Records excerpted from a collection
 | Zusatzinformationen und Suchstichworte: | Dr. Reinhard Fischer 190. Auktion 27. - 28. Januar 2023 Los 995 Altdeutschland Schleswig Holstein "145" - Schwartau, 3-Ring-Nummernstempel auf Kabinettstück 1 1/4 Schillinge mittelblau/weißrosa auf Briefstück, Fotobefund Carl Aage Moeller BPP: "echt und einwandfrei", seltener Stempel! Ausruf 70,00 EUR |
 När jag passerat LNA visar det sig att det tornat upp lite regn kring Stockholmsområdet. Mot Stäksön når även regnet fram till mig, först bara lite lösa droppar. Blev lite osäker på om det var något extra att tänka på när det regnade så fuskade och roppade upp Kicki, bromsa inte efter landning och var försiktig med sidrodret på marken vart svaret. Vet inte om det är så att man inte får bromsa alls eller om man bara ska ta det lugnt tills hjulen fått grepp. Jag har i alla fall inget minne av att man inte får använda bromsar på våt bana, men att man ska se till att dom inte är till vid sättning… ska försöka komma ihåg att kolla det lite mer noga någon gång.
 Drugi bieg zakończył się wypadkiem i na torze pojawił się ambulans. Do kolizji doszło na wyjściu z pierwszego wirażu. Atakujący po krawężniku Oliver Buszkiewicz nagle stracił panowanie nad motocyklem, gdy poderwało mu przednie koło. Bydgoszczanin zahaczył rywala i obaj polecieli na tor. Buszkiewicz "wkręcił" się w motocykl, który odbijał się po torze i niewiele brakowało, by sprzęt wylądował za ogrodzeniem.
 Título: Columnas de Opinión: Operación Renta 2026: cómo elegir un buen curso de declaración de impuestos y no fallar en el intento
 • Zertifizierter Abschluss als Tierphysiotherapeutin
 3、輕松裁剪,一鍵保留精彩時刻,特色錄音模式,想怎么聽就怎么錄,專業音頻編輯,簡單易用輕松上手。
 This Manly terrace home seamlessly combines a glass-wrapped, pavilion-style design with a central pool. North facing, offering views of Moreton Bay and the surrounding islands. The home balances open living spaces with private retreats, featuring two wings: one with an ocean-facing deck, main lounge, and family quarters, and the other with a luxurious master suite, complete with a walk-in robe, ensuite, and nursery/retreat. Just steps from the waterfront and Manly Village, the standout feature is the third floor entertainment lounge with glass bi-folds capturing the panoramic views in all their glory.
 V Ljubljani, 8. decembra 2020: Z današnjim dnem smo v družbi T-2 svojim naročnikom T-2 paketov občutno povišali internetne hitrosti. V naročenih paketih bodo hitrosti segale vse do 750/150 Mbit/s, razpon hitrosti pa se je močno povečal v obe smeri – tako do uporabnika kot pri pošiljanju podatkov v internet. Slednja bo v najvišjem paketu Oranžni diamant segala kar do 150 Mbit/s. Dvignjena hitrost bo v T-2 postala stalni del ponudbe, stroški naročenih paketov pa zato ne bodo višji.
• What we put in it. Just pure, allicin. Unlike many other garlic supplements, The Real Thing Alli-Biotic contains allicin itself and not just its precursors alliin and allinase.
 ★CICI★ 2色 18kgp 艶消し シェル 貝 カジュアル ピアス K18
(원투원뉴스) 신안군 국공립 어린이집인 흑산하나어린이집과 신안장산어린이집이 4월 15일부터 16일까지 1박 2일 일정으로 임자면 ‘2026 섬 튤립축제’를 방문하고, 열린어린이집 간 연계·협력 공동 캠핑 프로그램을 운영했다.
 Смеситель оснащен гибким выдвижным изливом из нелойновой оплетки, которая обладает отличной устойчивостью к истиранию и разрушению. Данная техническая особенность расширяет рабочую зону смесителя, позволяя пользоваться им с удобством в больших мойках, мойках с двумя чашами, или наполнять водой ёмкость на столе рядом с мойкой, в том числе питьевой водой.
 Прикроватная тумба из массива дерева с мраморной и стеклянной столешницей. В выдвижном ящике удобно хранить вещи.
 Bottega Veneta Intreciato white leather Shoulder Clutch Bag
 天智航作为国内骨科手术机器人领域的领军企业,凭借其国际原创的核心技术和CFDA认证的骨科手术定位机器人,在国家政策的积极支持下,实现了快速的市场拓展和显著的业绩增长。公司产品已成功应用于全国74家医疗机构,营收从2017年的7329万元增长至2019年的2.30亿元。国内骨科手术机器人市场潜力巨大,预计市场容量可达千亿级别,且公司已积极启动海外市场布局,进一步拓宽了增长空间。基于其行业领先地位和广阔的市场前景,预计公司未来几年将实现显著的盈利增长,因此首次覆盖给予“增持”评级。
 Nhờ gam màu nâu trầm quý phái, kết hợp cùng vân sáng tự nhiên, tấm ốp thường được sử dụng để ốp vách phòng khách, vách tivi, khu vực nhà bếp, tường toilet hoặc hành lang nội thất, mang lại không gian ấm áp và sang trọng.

→ WHAT YOU HAVE TO DO: Retype exactly the lines above, from the one with "alliin and allinase." through the one with "(원투원뉴스) 신안군 국공립", inclusive.

→ OUTPUT FOR THIS TASK:
• What we put in it. Just pure, allicin. Unlike many other garlic supplements, The Real Thing Alli-Biotic contains allicin itself and not just its precursors alliin and allinase.
 ★CICI★ 2色 18kgp 艶消し シェル 貝 カジュアル ピアス K18
(원투원뉴스) 신안군 국공립 어린이집인 흑산하나어린이집과 신안장산어린이집이 4월 15일부터 16일까지 1박 2일 일정으로 임자면 ‘2026 섬 튤립축제’를 방문하고, 열린어린이집 간 연계·협력 공동 캠핑 프로그램을 운영했다.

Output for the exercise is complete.